We could write steps 1 and 2 in code as


func backProp(input: [Double], output: Int) {
    let prediction = feedForward(input)
    let error = output - prediction

    for i in 0..<weights.count {
        weights[i] += learningRate * Double(error) * input[i]
    }
}

The full training happens when we pass a sequence of input, output pairs to the backProp function. With each call to backProp the weights of the perceptron are altered to decrease future errors. To handle the training, I’ve made a PerceptronTrainer struct and a struct to hold the training data as well.

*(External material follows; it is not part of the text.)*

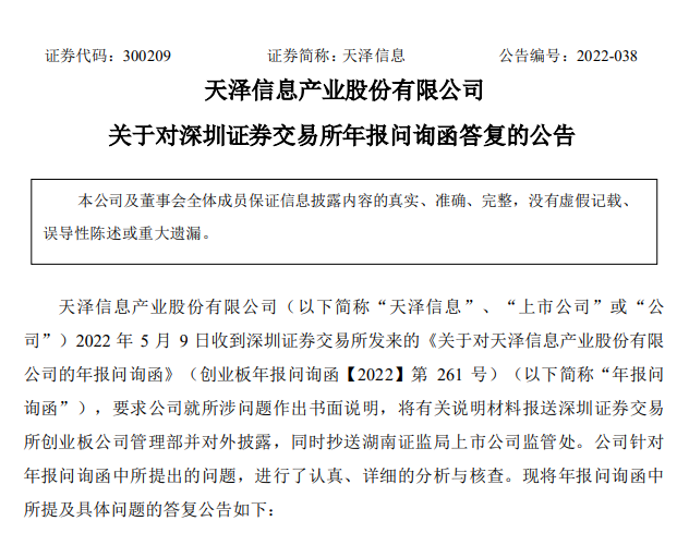 财报公布引来业界一片哗然,随之而来的,是深交所针对其所披露年报数据的一纸问询函。而这一纸问询函也在近日等来了天泽信息的答复公告。

struct PerceptronDataPair {
    let input: [Double]
    let output: Int
}

struct PerceptronTrainer {
    let data: [PerceptronDataPair]

    func train( p: inout Perceptron) -> Int {
        var error: Int = 0
        var count = 0

        for d in data {
            error = p.backProp(input: d.input, output: d.output)
            count += 1
        }

        return error
    }
}

Training the Perceptron

We want our perceptron to tell us if a given point is above or below a line in the xy plane. You can pick any line you want to, but I’ll take a simple one like y(x) = 3x + 1. We can generate training data by

  1. picking N input values at random and computing the y value for each
  2. Determine whether the y value is above or below the line.

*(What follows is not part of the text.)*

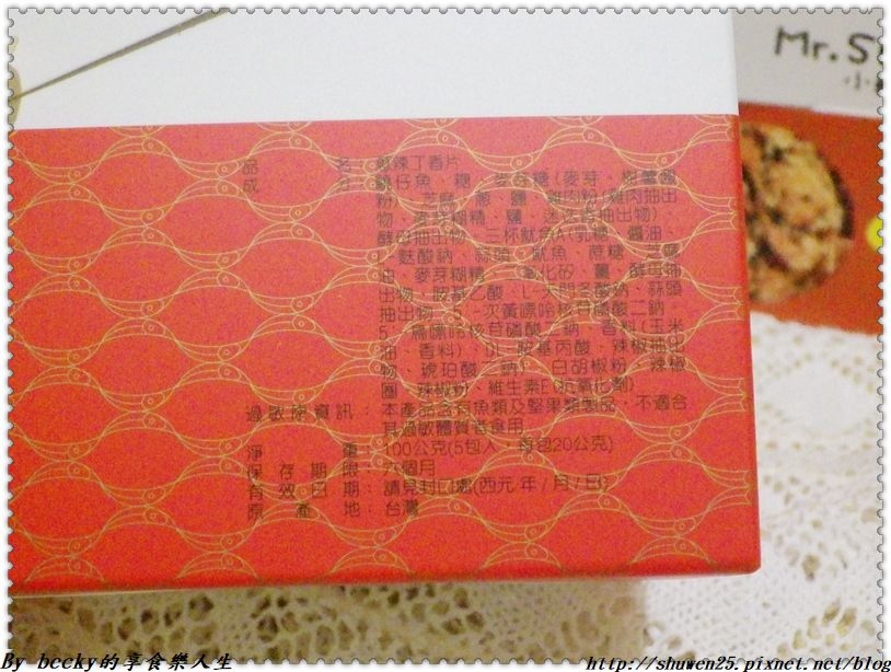 先來看蔥辣丁香片:是以白紅相應包裝小盒,有著丁香片的圖案,是烘烤無油炸的食品~

Then, create a PerceptronTrainer and pass the training data to it and call the train function.


func createData(numPoints: Int) -> [PerceptronDataPair] {
    var data = [PerceptronDataPair]()

    for _ in 0..<numPoints {
        let x = [2.0 * (randomDouble() - 0.5)]
        let y = line(x[0])
        data.append(PerceptronDataPair(input: x, output: isAbove(y)))
    }

    return data
}

let trainingData = createData(100)

let trainer = PerceptronTrainer(data: data)
trainer.train(&p)

How Well Does the Perceptron Work?

Let’s pass 100 random inputs to the perceptron and see how often the predictions are correct. We’ll also create a new, untrained perceptron and see how often it’s predictions are correct.


let testData = createData(numPoints: 100)

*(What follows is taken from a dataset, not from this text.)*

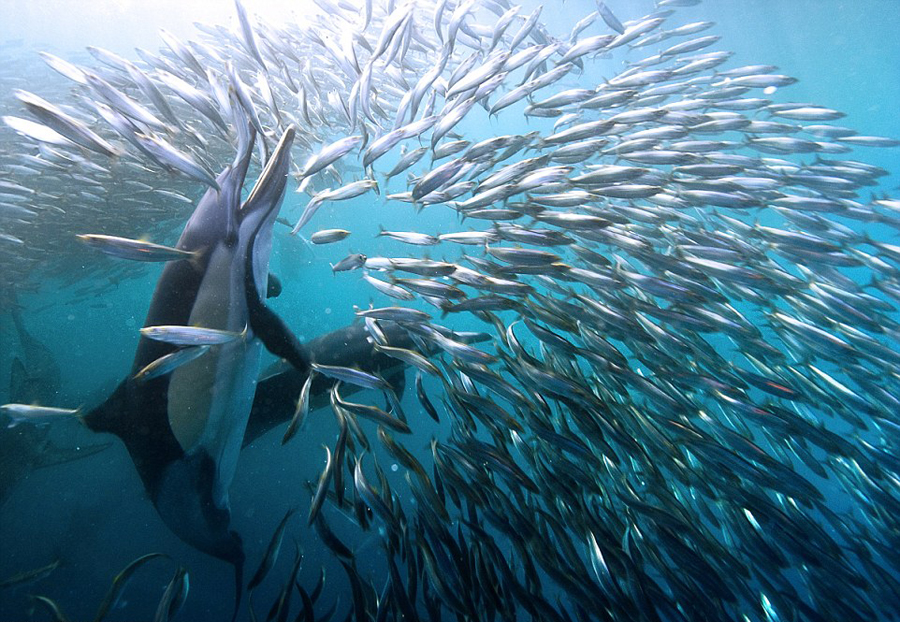 央廣網河南分網消息 3月28日報道,野生動物攝影師Michael Aw日前在水下拍攝到鯊魚、海豚等大型哺乳動物掠食沙丁魚的壯觀景象。

func evaluatePerceptron(p: Perceptron, testData: [PerceptronDataPair]) -> Double {
    var correct = 0
    for d in testData {
        let prediction = p.feedForward(input: d.input)
        if (prediction == d.output) {
            correct += 1
        }
    }

    return Double(correct) / Double(testData.count)
}

// The % correct will be much higher than for an untrained perceptron
evaluatePerceptron(p: p, testData: testData)

let pUntrained = Perceptron(numInputs: 1, offState: -1, bias: 1)
evaluatePerceptron(p: pUntrained, testData: testData)

I get anywhere from 88-100% correct for the trained perceptron and about 4-40% correct for the untrained perceptron. Not bad for a simple neural network and a simple problem.

There were several papers written around the same time that look into how a neural network is a universal function approximator. They’re behind a paywall, but you can probably get them on Sci-Hub.